Method: BLASTp search against UniRef90 (E-value < 1e-30, query coverage > 80%) yielded ~150 LCC homologs. Multiple sequence alignment via Clustal Omega, then conservation scored by Scorecons (Valdar 2002). Score range 0→1, where 1.0 = identical across all orthologs.
Rationale: Conserved positions are under evolutionary constraint — mutations are more likely to be deleterious.
Conservation vs DMS fitness (per-position, single-mutation mean): Spearman ρ = −0.247 (p = 6.8×10⁻⁵, n=255 positions). As expected, more conserved positions have lower mean fitness across all substitutions.
NDCG@10% = 0.70 (computed on per-position mean single-mutation fitness, ranking 259 positions by negated conservation score) — conservation alone identifies ~70% of top-performing positions correctly.
| Position | WT AA | Mean Fitness | % Deleterious | Role |
|---|---|---|---|---|
| 165 | Ser | −0.69 | 83% | Catalytic nucleophile |
| 167 | Gly | −1.10 | 100% | Oxyanion hole |
| 210 | Asp | −0.47 | 80% | Catalytic acid |
| 242 | His | −0.80 | 100% | Catalytic base |
| 246 | Asn | −1.27 | 100% | Oxyanion hole |
| 96 | Thr | −0.71 | 100% | Buried structural |
| 170 | Gly | −0.74 | 100% | Near active site |
| Position | Mean Fitness | % Beneficial | Max | Note |
|---|---|---|---|---|
| 217 | +0.76 | 67% | +1.60 | allosteric handle ★ candidate |
| 207 | +0.50 | 60% | +1.83 | allosteric core ★ candidate |
| 286 | +0.44 | 60% | +1.33 | structural_essential C-term loop, ACI 60.1% ★ candidate |
| 117 | +0.64 | 100% | +1.05 | Surface exposed |
| 44 | +0.63 | 86% | +1.70 | N-terminus |
| 229 | +0.56 | 100% | +0.84 | Surface loop |
| Position | Scorecons | Median | Safe? | Status |
|---|---|---|---|---|
| 217 (Q→P) | 0.531 | 0.826 | Yes | Hotspot |
| 140 (N→D) | 0.713 | 0.826 | Yes | Neutral |
| 207 (A→E) | 0.845 | 0.826 | Borderline | Hotspot |
| 104 (W→L) | 1.000 | 0.826 | Conserved | Neutral |
| 286 (R→P) | 0.990 | 0.826 | Conserved | Hotspot |
Apparent contradiction: conserved yet hotspot? "Hotspot" means that specific substitutions at this position are beneficial (e.g. R286P = +1.33), while "conserved" means most organisms keep the wild-type residue. This happens when one or two specific mutations escape the evolutionary constraint — e.g. Pro rigidifies a loop in a way evolution didn't explore. ICCG similarly mutated the highly conserved N246 (scorecons 0.985) successfully.
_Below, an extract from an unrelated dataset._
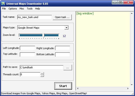 Universal Maps Downloader - это программа для загрузки частей спутниковых снимков-карт поверхности Земли c серверов Google, Yahoo или Microsoft для их дальнейшего просмотра встроенным обозревателем Maps Viewer и сборки в единое целое с помощью инструмента Maps Combiner. Для начала загрузки Вам необходимо указать папку для сохранения файлов, масштаб будущей карты, сервер, с которого будет произведена загрузка и географические координаты (широта, долгота) участка земной поверхности.

DMS fitness alone ranks mutations by observed performance, but doesn't explain why they work or predict how they'll combine. We integrate 5 orthogonal zero-shot tools + DMS epistasis analysis — each capturing a different aspect of protein function — to identify positions with convergent multi-signal support, maximizing confidence for wet lab validation.
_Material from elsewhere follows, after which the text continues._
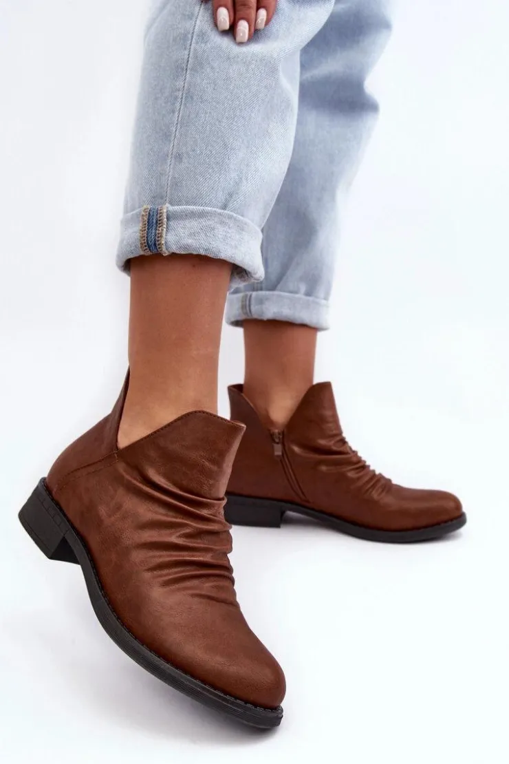 Niskie botki damskie wykonane z eko skóry. Osadzone na płaskim, stabilnym obcasie. Cholewka z wycięciami na bokach. Z przodu marszczenie. Środek ocieplony kocem obuwniczym. Noski zaokrąglone. Model ten zapinany jest na suwak z boku. Przy wyborze rozmiaru prosimy sugerować się tabelą rozmiarów.

Identifies positions that participate in allosteric signal transduction to the active site. Mutations at allosteric positions can modulate activity through long-range effects — a mechanism distinct from direct fitness.
Builds a residue interaction network from atomic contacts in the PDB. Identifies structural hub residues. Mutations at hubs are usually catastrophic — exceptions are exceptionally valuable engineering targets.
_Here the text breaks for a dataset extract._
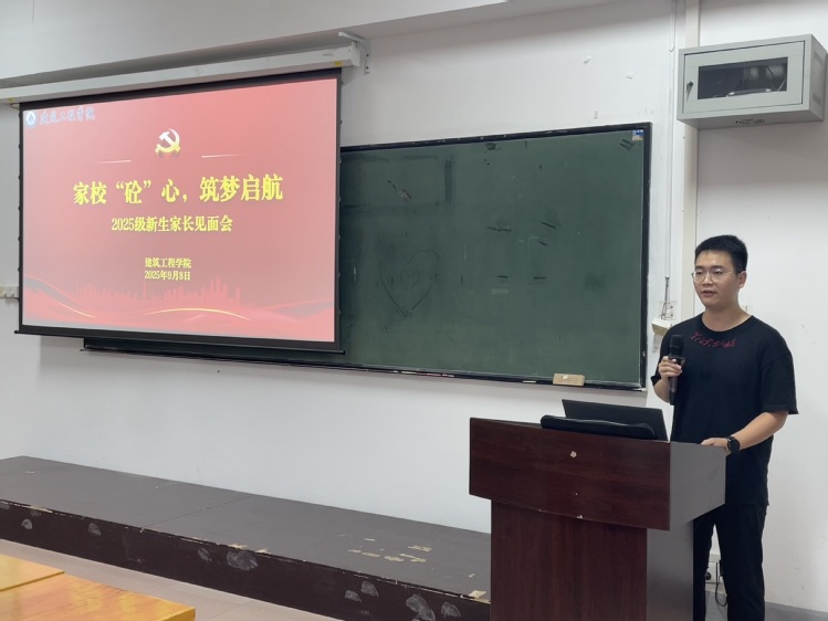 “学生成长主场秀” 环节让家长更为清晰地看到学院育人成果。世界职业院校技能大赛土建施工赛道金奖团队核心成员、建工23303班周想,2025年国际大学生创新大赛省赛金银奖得主、造价 23303班郑文慧均为预备党员,先后上台分享备赛时的协作点滴、攻克专业难题的坚持、平衡学业与实践的心得,展现了学生在学院的成长潜力,也为新生提供了可借鉴的 “成长范本”。

Protein language model trained on millions of sequences. Captures evolutionary constraints beyond simple conservation — understands amino acid context and co-evolution patterns.
Arc Institute framework (Science 2026). The only tool that directly predicts multi-mutant fitness from single/double data using a neural network. Tests if top positions remain top in combination.
Exhaustive search of all 65,535 subsets of 16 tools via rank averaging. Best combo: ESM-2 3B + ThermoMPNN + OHM ACI (Spearman=0.248, NDCG@10%=0.833) — outperforms any single tool.
OHM (Ohm-based Allosteric Model) analyzes how perturbations at one residue propagate through the protein to the active site.
Output: one ACI score per position (not per amino acid) — it is a property of the position in the structure, not of specific mutations. ACI is a percentile (0–100%) measuring how strongly that position participates in signal transduction to the catalytic triad.
Higher ACI = stronger allosteric coupling to the catalytic triad. This is not simply "better" — it depends on context: high-ACI positions in the Allosteric Handle zone (high ACI + low conservation) are the preferred engineering targets, as mutations there can tune catalysis with manageable epistasis risk. High-ACI positions in the Allosteric Core (conserved) are risky to mutate. Low-ACI positions (Safe Target) produce additive, predictable effects.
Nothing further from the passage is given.